Segment Open

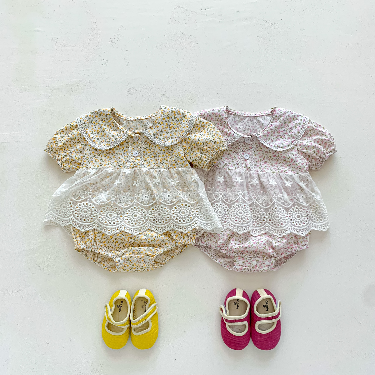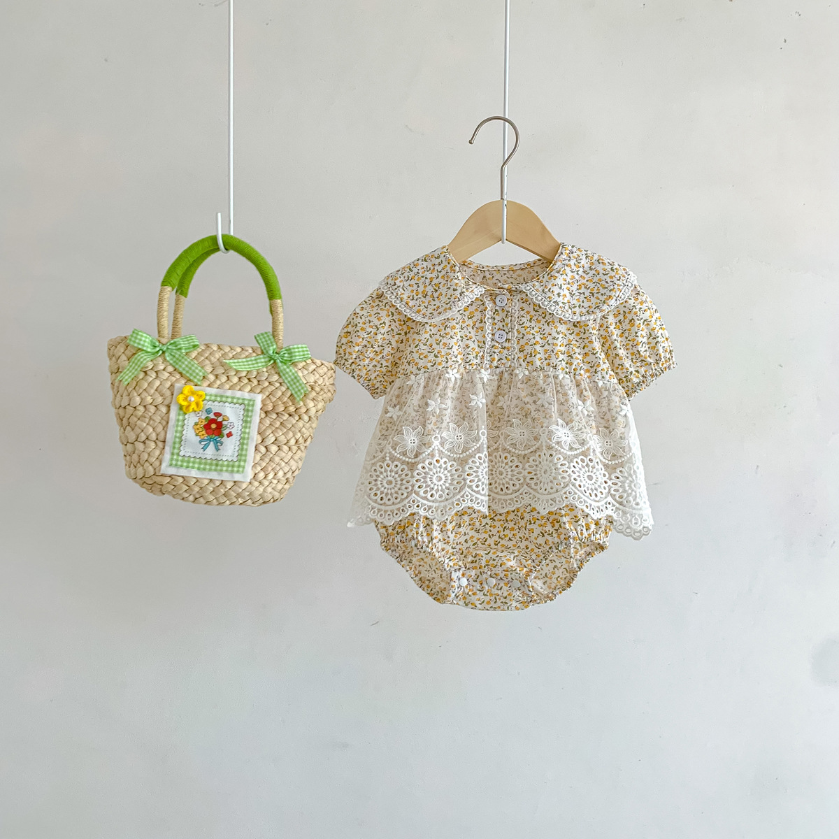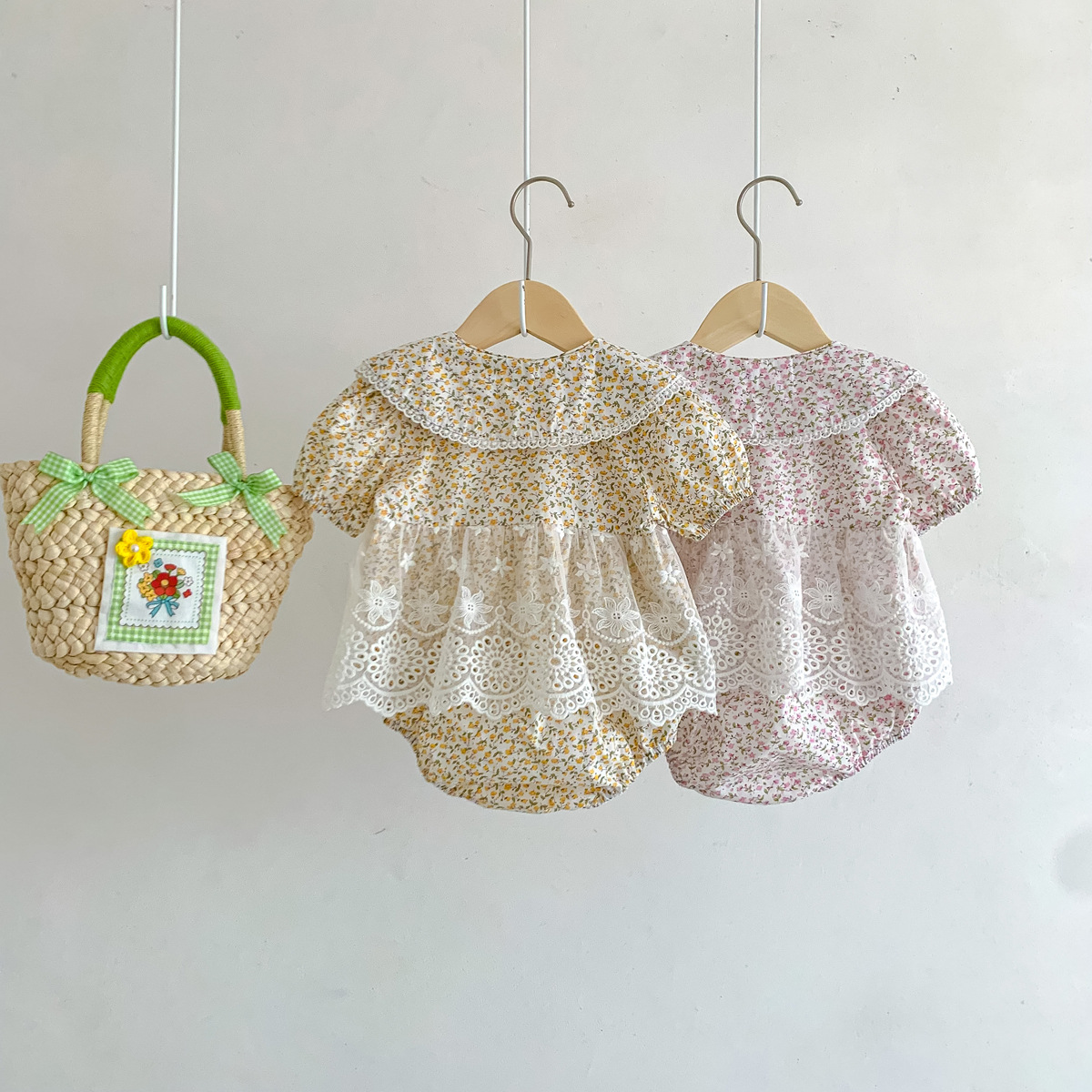In 여름 아기 소녀 꽃 토끼 반팔 인형 칼라 가짜 투피스 백 뚱뚱한 옷 아기 레이스 집 밖 등산 의류스토어 가기
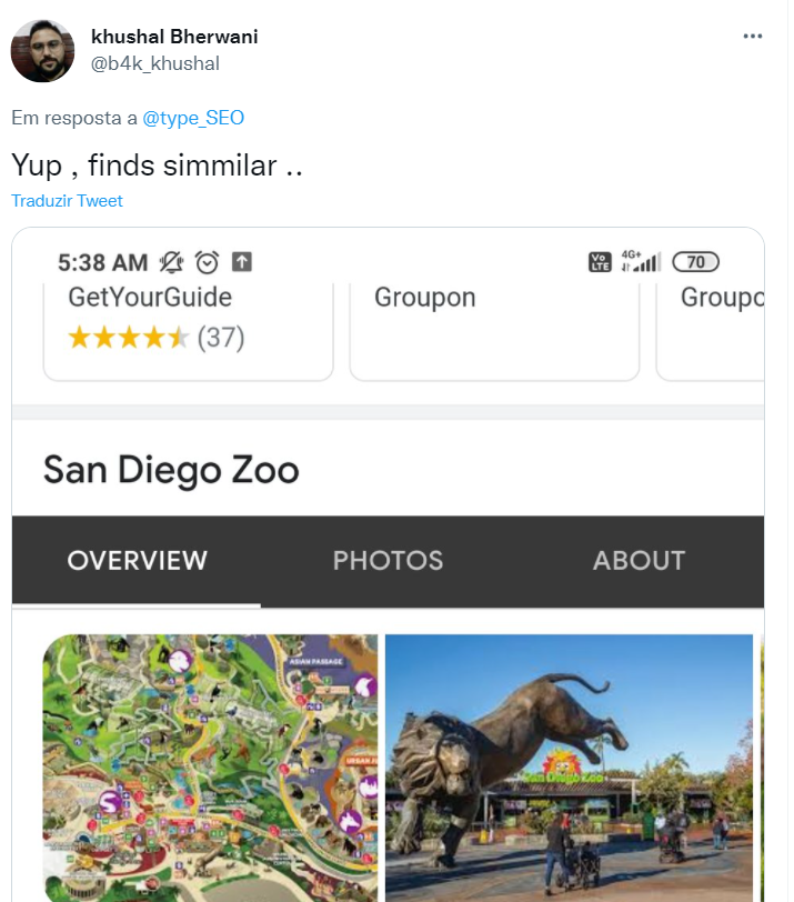 Em resposta, o analista Khushal Bherwani compartilhou uma captura de tela do resultado para “San Diego Zoo” (“Zoológico de São Diego”).
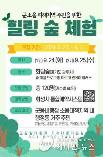 (케이엠뉴스) 화성시가 다음달 24일부터 25일까지 이틀에 걸쳐 군소음 피해지역 주민의 스트레스 해소를 위한 주민지원사업으로 마음 치유 힐링 숲 체험 프로그램을 운영한다.
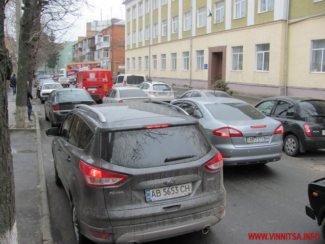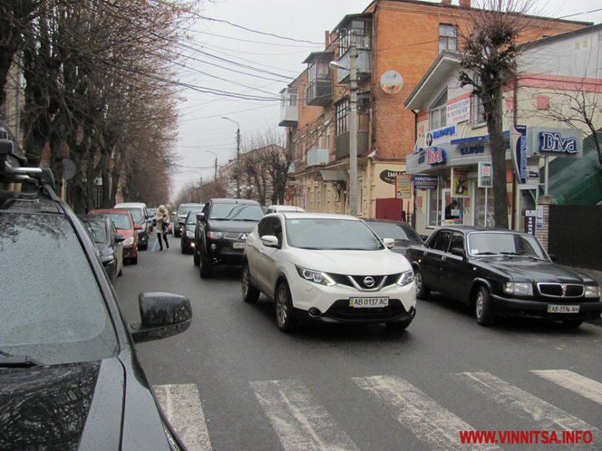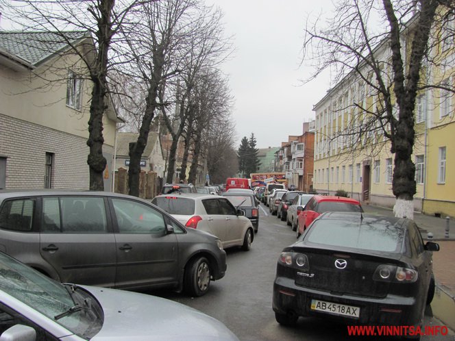 Оскільки рух на Грушевського односторонній, то затор тягнеться ще з вулиці Миколи Оводова (колишня Козицького). Дехто обминає заблоковану ділянку тротуаром і газоном.

Segment Closed

__Action item__
Give the data above again in full and unchanged, skipping the pictures.

__Response__
In 여름 아기 소녀 꽃 토끼 반팔 인형 칼라 가짜 투피스 백 뚱뚱한 옷 아기 레이스 집 밖 등산 의류스토어 가기
 Em resposta, o analista Khushal Bherwani compartilhou uma captura de tela do resultado para “San Diego Zoo” (“Zoológico de São Diego”).
 (케이엠뉴스) 화성시가 다음달 24일부터 25일까지 이틀에 걸쳐 군소음 피해지역 주민의 스트레스 해소를 위한 주민지원사업으로 마음 치유 힐링 숲 체험 프로그램을 운영한다.
 Оскільки рух на Грушевського односторонній, то затор тягнеться ще з вулиці Миколи Оводова (колишня Козицького). Дехто обминає заблоковану ділянку тротуаром і газоном.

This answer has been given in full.